Input data:
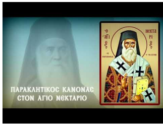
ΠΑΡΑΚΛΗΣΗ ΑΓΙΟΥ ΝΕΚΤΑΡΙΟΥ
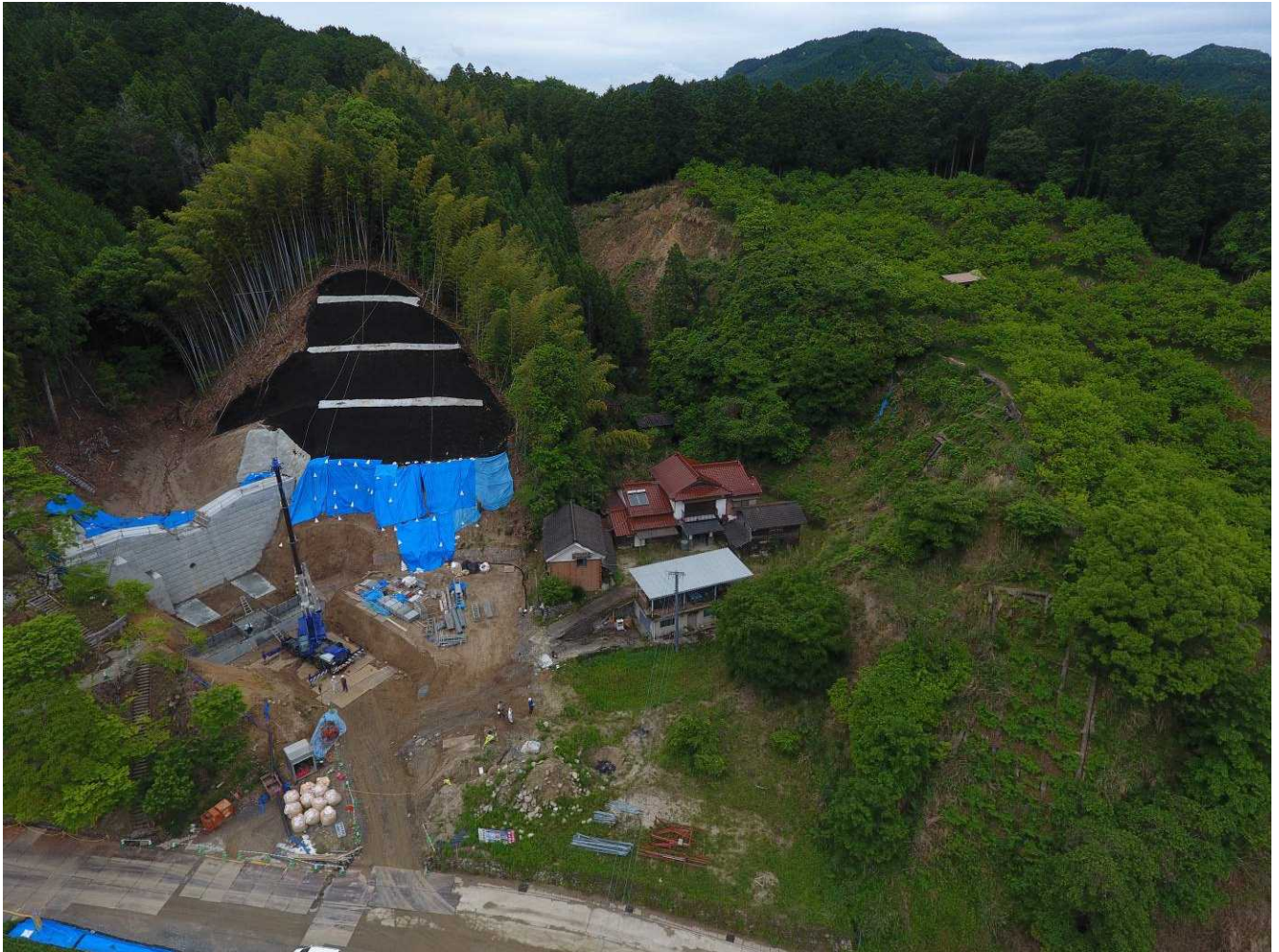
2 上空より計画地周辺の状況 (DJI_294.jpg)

==

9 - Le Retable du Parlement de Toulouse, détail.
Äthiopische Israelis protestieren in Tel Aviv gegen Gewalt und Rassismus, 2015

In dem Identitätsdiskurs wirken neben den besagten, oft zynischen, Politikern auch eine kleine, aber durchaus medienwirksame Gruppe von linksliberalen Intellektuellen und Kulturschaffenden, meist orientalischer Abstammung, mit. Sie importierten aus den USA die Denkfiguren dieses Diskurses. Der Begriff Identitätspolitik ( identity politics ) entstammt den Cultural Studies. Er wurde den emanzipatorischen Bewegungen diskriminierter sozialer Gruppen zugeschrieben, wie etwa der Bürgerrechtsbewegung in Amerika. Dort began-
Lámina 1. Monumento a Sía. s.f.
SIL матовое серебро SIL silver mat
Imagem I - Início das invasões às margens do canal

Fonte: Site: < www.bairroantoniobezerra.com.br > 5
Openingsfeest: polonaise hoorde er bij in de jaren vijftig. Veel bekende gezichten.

Task:
Repeat exactly the lines above, beginning at the one containing "ΠΑΡΑΚΛΗΣΗ ΑΓΙΟΥ ΝΕΚΤΑΡΙΟΥ" and ending at the one containing "2 上空より計画地周辺の状況 (DJI_294.jpg)". Do not carry over any pictures.

Result of the task:
ΠΑΡΑΚΛΗΣΗ ΑΓΙΟΥ ΝΕΚΤΑΡΙΟΥ
2 上空より計画地周辺の状況 (DJI_294.jpg)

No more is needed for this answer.